Кто кому пишет, нельзя было понять, но было ясно, что в Самаробриве живет изменник из числа знатных эдуев. Вне всяких подозрений был один Дивитиак; его родные казались преданными Цезарю, но доверять им вполне было нельзя.
Мысли Валерия остановились на Литавике, но это было только подозрение, ничем не доказанное. Литавик был вергобретом города Кабиллона – лицом, подчиненным Дивитиаку, который в это время уже был главой всех эдуев и любимцем Цезаря как умнейшим (doctissimus) и образованнейшим среди дикарей.
Валерий легко понял, что трехлетним дубом назван Тасгет, верховный вергобрет карнутов (rex), возведенный в этот сан Цезарем три года тому назад на бессрочное время, а насадителем-волком – сам Цезарь. Карнуты решились убить своего вергобрета, Адэлла же подослана отравить Цезаря. Валерий все это сообразил и хотел пытать изменницу, но без разрешения Цезаря не решился, зная его слабость к прекрасному полу.
Когда Цезарю донесли, он велел скрыть это происшествие, чтобы не смутить дух войска известием о заговоре и не возбудить препирательств о наказании, заслуженном виновной. Приказав позвать к себе Фабия, Цезарь пригласил его идти вместе, не объясняя цели своей внезапной прогулки.

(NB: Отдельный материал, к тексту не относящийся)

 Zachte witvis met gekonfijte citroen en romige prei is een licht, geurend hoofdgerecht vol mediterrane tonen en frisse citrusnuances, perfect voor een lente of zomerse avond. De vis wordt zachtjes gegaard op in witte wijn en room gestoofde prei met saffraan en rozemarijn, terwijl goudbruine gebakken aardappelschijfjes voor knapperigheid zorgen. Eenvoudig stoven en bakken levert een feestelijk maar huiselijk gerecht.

Они пришли за город, на то самое место, где утром Церинт удил рыбу; Адэлла, переодетая в женское платье, уже находилась там, с нею были только те, кто знал о ее поимке: Церинт, Ген-риг, Валерий и сотник аллоброгов Тан.

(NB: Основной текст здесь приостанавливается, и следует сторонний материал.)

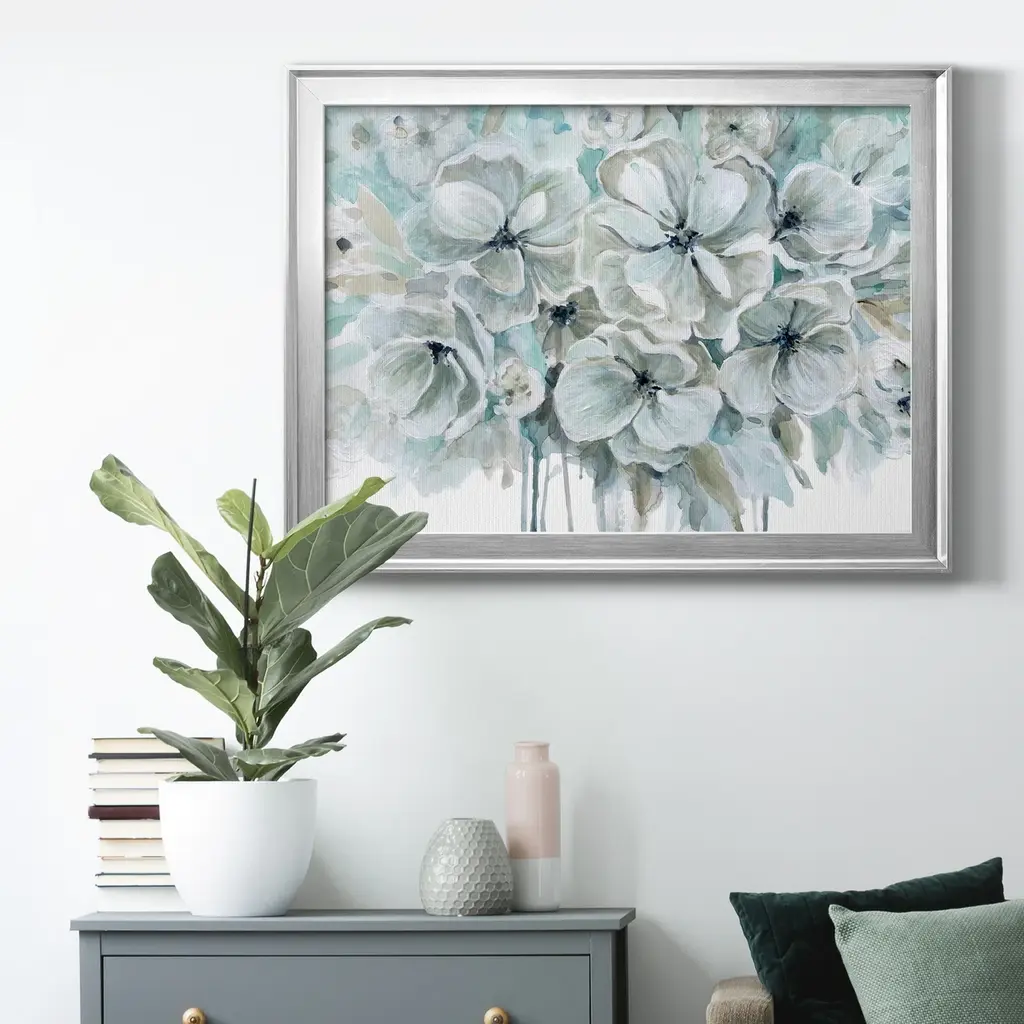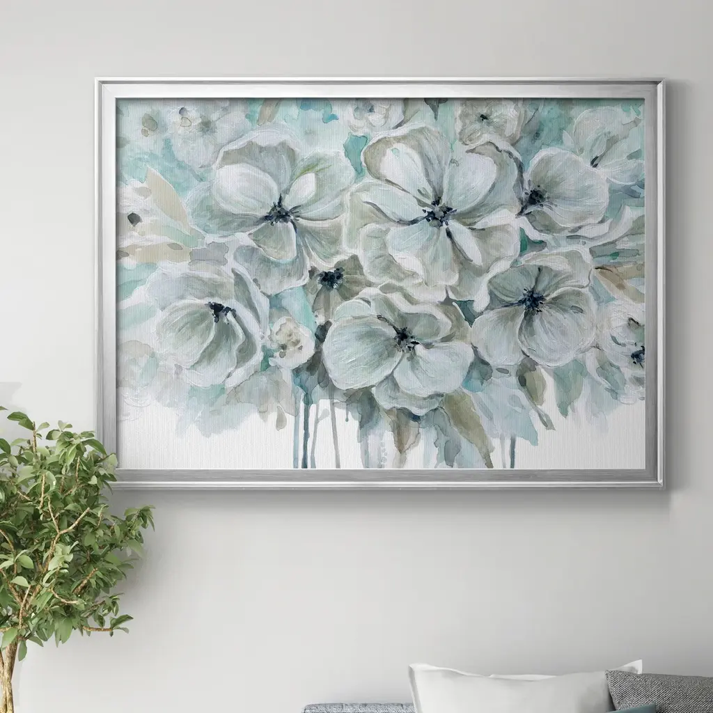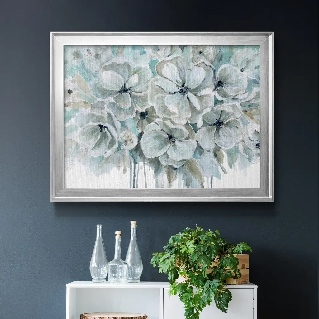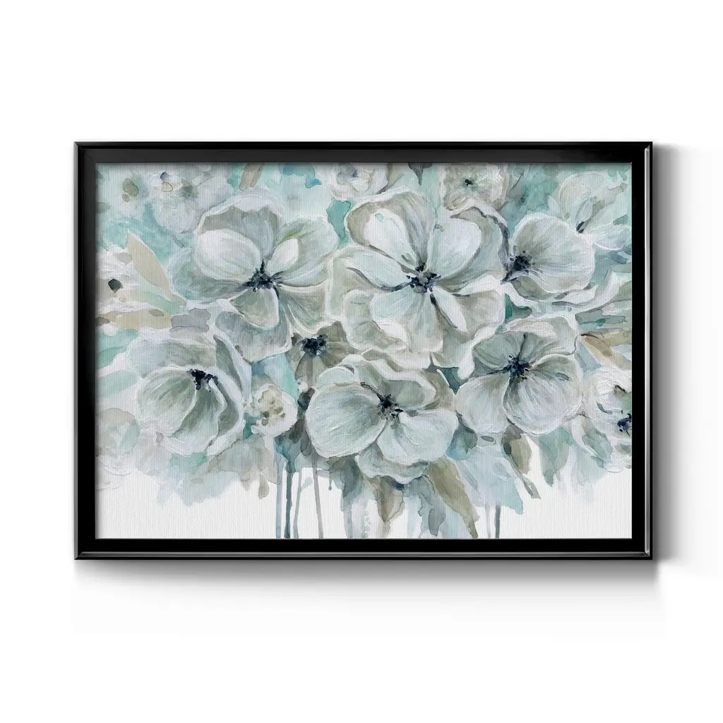 Teal Harmony I Premium Framed Canvas - Ready to Hang A Premium Framed Canvas created to last. Framed in distressed wood and available in an array of sizes and colors Featuring a beveled a solid wood stretcher bar, each piece comes ready to hand 4 SIZES AVAILABLE 30.5''X42.5'' - Overall Size 26.5'X36.5'' - Overall Size 22''x30'' - Overall Size 18''x24'' - Overall Size Each piece is made to order. Each piece comes with hanging hardware. Made in the USA Ready to Hang Giclee Paper Print Acrylic Glass Beveled Matt Board

– Люций Фабий, – строго сказал Цезарь, – узнаешь ли ты эту женщину?
– Узнаю, Цезарь, – ответил сотник. – зачем она здесь? Неужели тебе угодно, чтобы я…
– Мне угодно только, чтобы ты видел, до чего довело ее твое легкомыслие.
Сотник хотел что-то возразить, но заметил грозное выражение лица императора и смолчал.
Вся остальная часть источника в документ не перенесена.